Joel, I’m sure you will find a service that will refund you a whole month for 1% downtime. Hell, I’m sure you’ll even find a service that will offer you a million dollars for every 0.1% downtime you experience.

… but you will have to pay for it: arm, leg, and first several born.

So now the question is: how much does that blink of downtime really cost you? Are you ready to make that kind of investment into your ifrastructure? Will you see a ROI on those last fractions of a percent uptime?

That is the point of this article. I’m reading a bunch of comments along the lines of “well, if your backend is reliable, then how is 99.99% hard?” Under normal circumstance that shit is easy: hell, I’ve had an 10 year old PC running OpenBSD as a firewall; it went a year and a half with a reboot. Did I do anything special to ensure 100% uptime? No, I was damn lucky — and weather, the power company, local hoodlums, and everything else under Murphy’s belt just happened to miss me for those 18 months. When you want to be a breath away from always always on, you are paying for multiple data centers spread through out the country on different backbones.

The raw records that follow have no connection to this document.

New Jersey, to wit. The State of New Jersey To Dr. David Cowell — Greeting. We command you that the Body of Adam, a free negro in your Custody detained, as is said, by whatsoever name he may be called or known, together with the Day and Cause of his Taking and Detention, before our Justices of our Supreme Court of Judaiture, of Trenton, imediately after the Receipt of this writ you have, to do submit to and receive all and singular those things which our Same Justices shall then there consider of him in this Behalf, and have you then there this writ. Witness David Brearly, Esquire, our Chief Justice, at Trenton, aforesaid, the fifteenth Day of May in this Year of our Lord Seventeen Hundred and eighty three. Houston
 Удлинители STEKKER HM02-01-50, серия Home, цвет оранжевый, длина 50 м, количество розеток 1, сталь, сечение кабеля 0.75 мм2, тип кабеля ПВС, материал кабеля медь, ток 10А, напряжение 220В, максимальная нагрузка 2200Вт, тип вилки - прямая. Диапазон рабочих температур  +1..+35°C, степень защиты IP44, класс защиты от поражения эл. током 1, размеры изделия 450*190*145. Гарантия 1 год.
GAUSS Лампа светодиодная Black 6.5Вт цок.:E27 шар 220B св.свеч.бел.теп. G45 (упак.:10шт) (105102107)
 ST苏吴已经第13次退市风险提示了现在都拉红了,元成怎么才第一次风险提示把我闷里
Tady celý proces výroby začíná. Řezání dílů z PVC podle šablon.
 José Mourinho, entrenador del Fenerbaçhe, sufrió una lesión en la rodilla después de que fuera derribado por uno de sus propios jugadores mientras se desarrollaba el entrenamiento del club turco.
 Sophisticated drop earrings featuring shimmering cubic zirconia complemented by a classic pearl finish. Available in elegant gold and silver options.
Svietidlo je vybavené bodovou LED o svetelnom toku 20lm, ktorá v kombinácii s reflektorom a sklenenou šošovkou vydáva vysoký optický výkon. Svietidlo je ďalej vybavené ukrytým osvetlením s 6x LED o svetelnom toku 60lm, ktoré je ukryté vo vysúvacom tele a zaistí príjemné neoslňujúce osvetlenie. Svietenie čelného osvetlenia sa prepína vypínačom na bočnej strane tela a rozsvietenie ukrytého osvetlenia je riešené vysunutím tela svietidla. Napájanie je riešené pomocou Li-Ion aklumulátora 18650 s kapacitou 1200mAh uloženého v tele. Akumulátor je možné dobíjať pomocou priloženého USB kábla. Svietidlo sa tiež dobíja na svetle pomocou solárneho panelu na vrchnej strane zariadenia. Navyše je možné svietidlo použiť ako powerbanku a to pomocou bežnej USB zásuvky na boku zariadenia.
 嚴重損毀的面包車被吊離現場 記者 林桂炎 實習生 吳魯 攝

Joel, does your e-tail business make enough money to pay for that kinda uptime?

John D. Mitchell 08 Dec 05

Hmm… I posted my (fairly long) comment yesterday afternoon and it’s hasn’t appeared yet. Unless I’m forgetting something, my comment certainly fit your criteria for a posting. If you don’t wish to publish it, please email me the contents and I’ll blog it instead. Thanks, John.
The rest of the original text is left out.